“Arts and crafts” is an oft-heard phrase, but purists see the two not as a pair but a choice: art or crafts. Increasingly, though, artists are exploring both.

One place designed for such crossover is Caos on F, founded by painter Michael Berman and cabinetmaker Matthew Falls. The gallery sells furniture and textiles as well as paintings and sculptures, and it encourages collaboration by its stable of painters, sculptors and designers. Caos stands for “coalition of artists on the other shore” — a reference to how Berman and Falls met on Maryland’s Eastern Shore and also to their intent not to design objects for offshore mass production.

The largest piece in Caos’s current group exhibition is a “wooden wall” designed and built by Falls, to which Berman added a slash of black pigment. The construction suggests a hybrid of two traditional Japanese forms, the shrine gate and the interior screen, and the curving black line invokes traditional Asian calligraphy. But the wall is not all that traditional: It has an asymmetrical framework, contrasts rough-edged wood with finished and features spinable slats instead of sliding paper panels. (Also, Berman’s brushwork doesn’t literally say anything.) The Japanese aesthetic has influenced Falls’s work but doesn’t confine it.
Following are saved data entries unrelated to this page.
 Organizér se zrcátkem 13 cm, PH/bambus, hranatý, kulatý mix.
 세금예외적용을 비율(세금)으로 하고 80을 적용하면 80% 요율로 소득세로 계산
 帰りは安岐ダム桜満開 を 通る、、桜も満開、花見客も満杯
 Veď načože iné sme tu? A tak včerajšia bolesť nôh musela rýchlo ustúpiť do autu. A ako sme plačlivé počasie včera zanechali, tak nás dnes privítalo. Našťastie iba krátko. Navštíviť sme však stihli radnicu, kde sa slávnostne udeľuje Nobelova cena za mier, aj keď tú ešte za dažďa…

The show’s other participants are Tanja North, David Harp, Chul Beom Park and former local restaurateur Carole Greenwood. Harp’s two photographic landscapes show water at rest (a wetland) and in motion (a waterfall); North’s four near-abstract watercolors evoke the inlets of that other shore, which is reflected in the series’s title: “Bay Composition.” Park and Greenwood both construct mixed-media wall sculptures. The former’s employ multiple levels of painted wood, decorated with lithographed pop-art images; the latter’s assemble plaster, wood and found objects — the clash of formal and free-form unified by white surfaces. None of these pieces could be used to hide a large-screen TV, as one of Falls’s wooden walls has been, but that doesn’t mean the show’s art combats its crafts. At Caos, the boundary between the two is as porous and shifting as one of North’s coastlines.
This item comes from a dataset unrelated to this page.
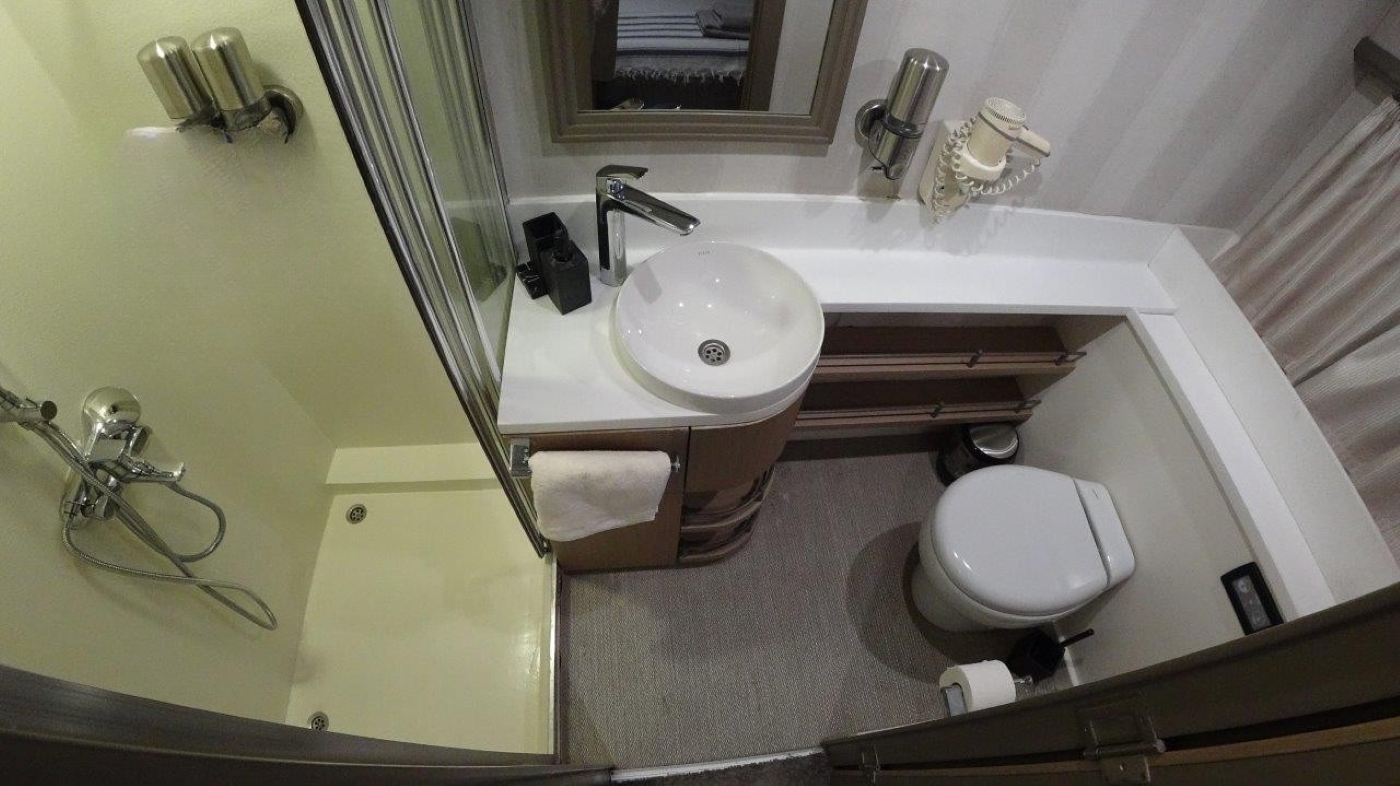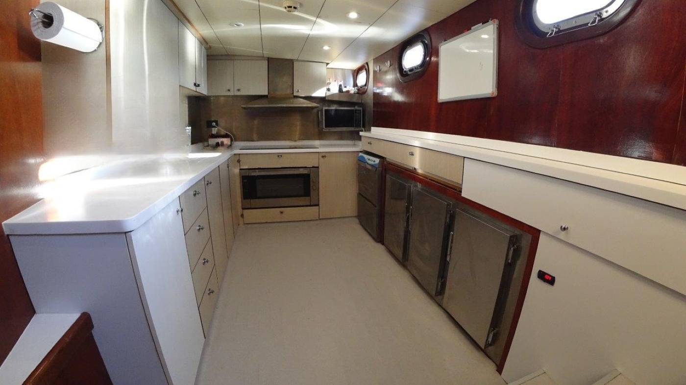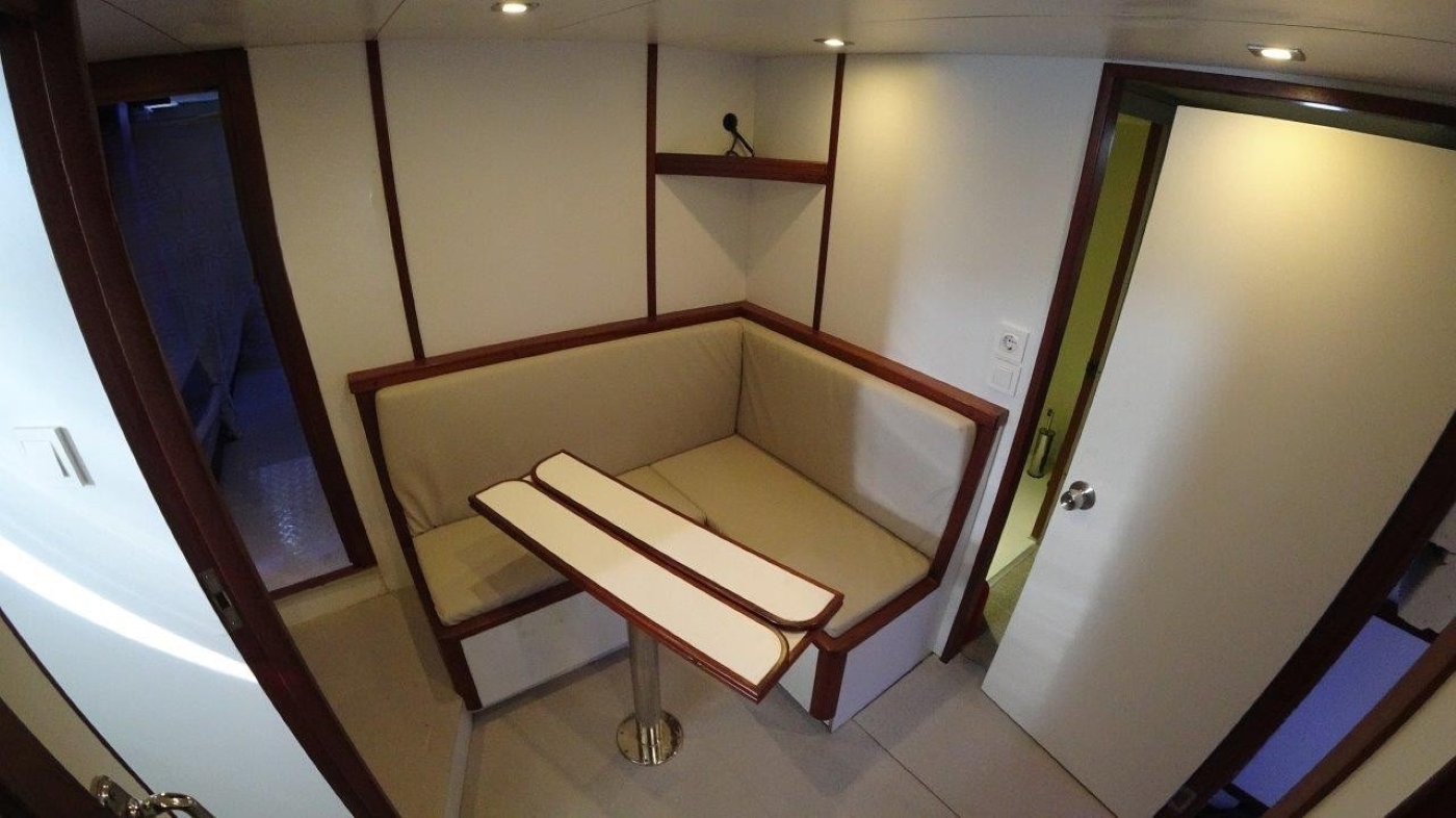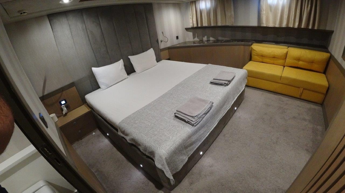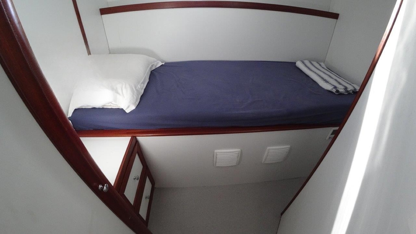 ~ Aft Master Cabin: King bed (200 x 200) + optional extra single (185 x 80), en suite ~ Bow Master Cabin: Queen bed (200 x 182), en suite ~ 2 Double Cabins: (190 x 160), both en suite ~ 1 Twin Cabin: Single beds (190 x 85), en suite

The “2” in “Kathy Wismar x 2,” Gallery 555dc’s latest exhibition, refers to Wismar’s split artistic identity: She’s both a painter and a potter. As displayed here, the two forms seem linked by a common palette. One of the two large abstract canvases, “Visitation,” is predominantly white, albeit with many other colors visible both above and beneath the heavily worked surface. Wismar’s ceramics rely on a similar sense of contrast, although more tidily. Most of her cups, bowls and vases are white, with one vivid hue for the rim and the inside. (Rarely and thus surprisingly, the interior will be in a third shade.) Grouped by their accent color, the pottery leads the eye to “Visitation.”

This affinity is just a coincidence. Only one painting here uses white the way “Visitation” does, and most of the canvases are quite small and feature rough blocks of vivid, even seething, color. There’s little visible kinship between Wismar’s elegant ceramics, with their delicately toned whites and subtle use of red, yellow or green, and her thickly painted acrylics.
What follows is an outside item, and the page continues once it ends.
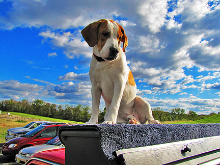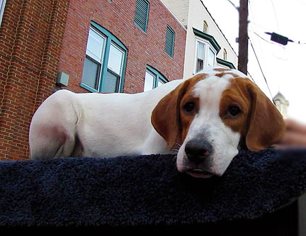 So... this dog Mo and I are spending some time together. The ride out of his place and into town to visit some friends was bumpy and the road was curvy for quite awhile. Maybe thats why he peed all over the truck seat. The seat acted like a baby diaper for him. I could not figure out why my cell phone did not work that night. I went to change the battery and it was all wet inside. Mo had filled the bag that holds my wallet, phone, camera etc... with pee! He was sitting with his ass up against me I thought, "cute" having no idea he was peeing on me because the seat, floor an all my stuff was already soaked. I do not think he could help it. We spent a long time in Berkeley Springs with friends on the street. For the entire second half of the ride back to the cabin he held tight until we got out of the truck and then... he let loose on the ground, lucky me. Back at the cabin he was great until he began to dump big time on the floor rug. His cage was almost set up... too late. I don't know if I am going to be able to deal with this process of training a dog again right now in my life and while traveling on the road? He certainly has been a lover... kind and gentle all day. He's been farting a lot, really bad stuff. I think he has fleas... needs a bath. What the hell am I doing?

In abstract painting, size matters, which is one reason that “Visitation” and the show’s other large canvas, “East 74th,” upstage the smaller ones. But the bigger paintings also seem richer and calmer, even though only one of them is heavy on white. (Hot oranges and yellows dominate “East 74th.”) These large works showcase a new direction for Wismar, and it’s a fruitful one. There’s no particular need for her ceramics and paintings to resemble one another, but the connection bolsters both in this show .


Rather than work in different media, Mary H. Lynch combines two into one. The pieces in “OFF the SQUARE,” at Touchstone Gallery, look like sculpture but are actually painting. Using shaped canvases, the artist creates suites of three-dimensional wall pieces, often painted to suggest stone, metal or wood. These groupings include “XOX — Hugs + Kisses,” which is three X- or O-form pieces whose surfaces impressively simulate brushed aluminum; and “Construct — Deconstruct,” a 17-piece set of irregular hexagons in mottled shades of yellow, orange and brown that suggest earth, scales or honeycombs. (The piece was inspired by the international decline in bee populations.)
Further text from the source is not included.